At first the mere sight of us would send him waddling.  Then our dog Grace took over and she would chase him out and, apart from the small heart attack that I would have at 3am when Grace would suddenly bolt down the hall barking at full force, things seemed to be ok.  Then there was one night that Grace was at my parent’s and the raccoon quickly realized that it was just me and him and the cat food.  He looked at me with a great deal of misplaced smugness, turned his back on me and went to town on the cat food.  Do you know what I did?  I knocked him silly with a broom.  I did, I whacked the s*it out of him, and he took the hint and headed out the door.  That seemed to take care of the problem for a little while, but then Grace passed away, and the raccoon didn’t take long to wise up and start deciding which corner he wanted to set his cigar chair in again.

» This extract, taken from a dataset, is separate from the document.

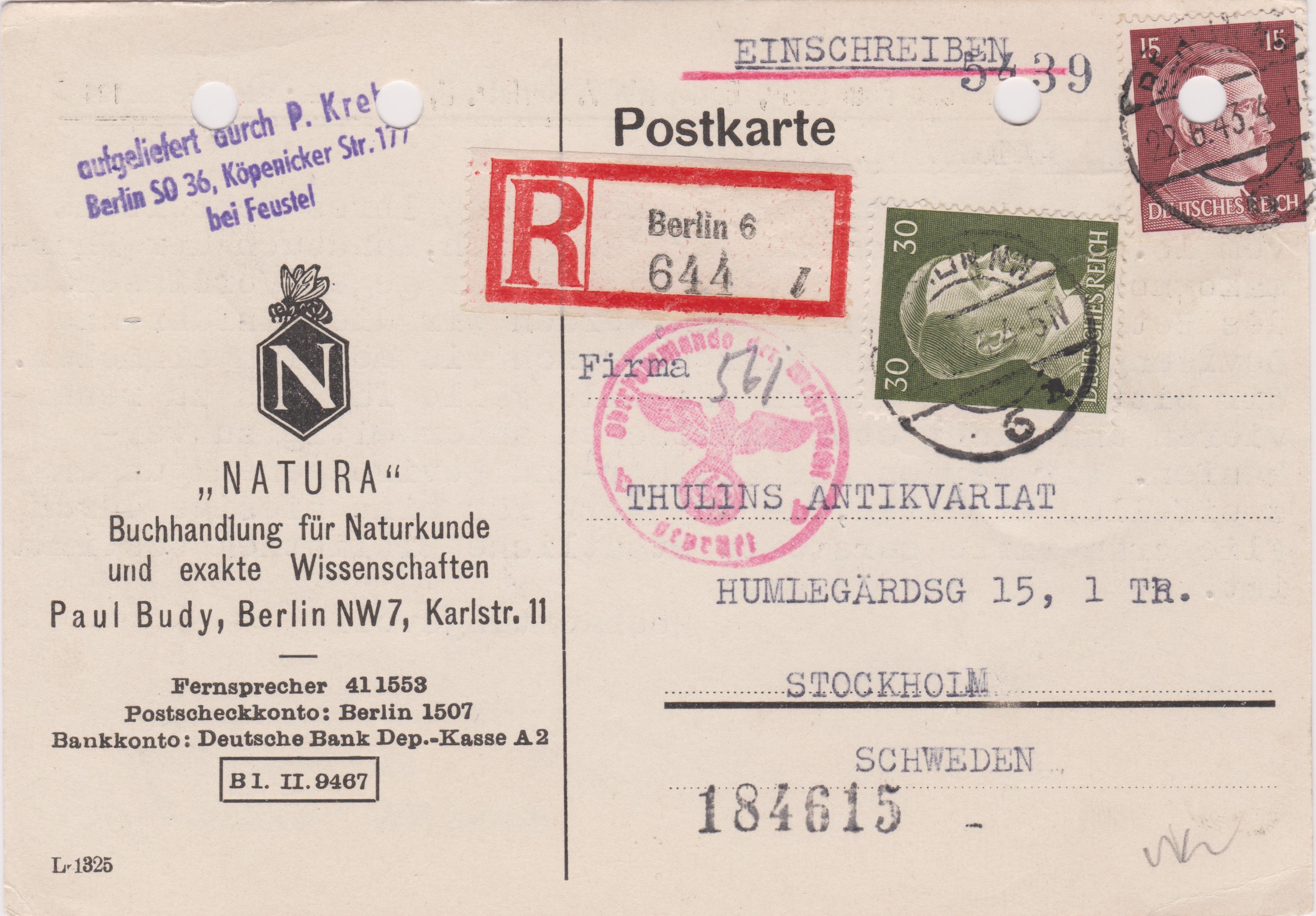 Postkarte per Einschreiben, aufgegeben am 22.06.1943 in BERLIN NW 6, adressiert nach "STOCKHOLM SCHWEDEN":

How is this raccoon getting in?  Well,  I drew you a picture:

Up until this past weekend, the raccoon was a nuisance, but not especially destructive.  I would even go so far as to say that I was not overwhelmingly concerned with his occasional intrusion.  Well. WELL. We spent the night with friends on Saturday night and all I can say is, if any of you got an invitation to the rodent rager that was hosted in our kitchen and didn’t post pictures to facebook because you didn’t want us to find out about it?  The jig is up.

Ya’ll, the raccoon(s???) went bonkers in our kitchen.  They ate taco shells, they broke wine glasses, they opened cabinet doors, they bathed their muddy little feet in the sink and then WALKED ALL OVER OUR COUNTERS, they took empty tupperware containers out and spread them around, they lounged on the stairs and snacked on gold fish crackers and discussed the underwhelming amenities of our kitchen, I’m sure.  In fact, as I spent all of Sunday afternoon scalding every square inch of our kitchen, I could almost hear their little raccoon laughter hanging in the air around me.  They appeared to have a better time we have had in years, and Drew and I are pretty awesome at having a good time.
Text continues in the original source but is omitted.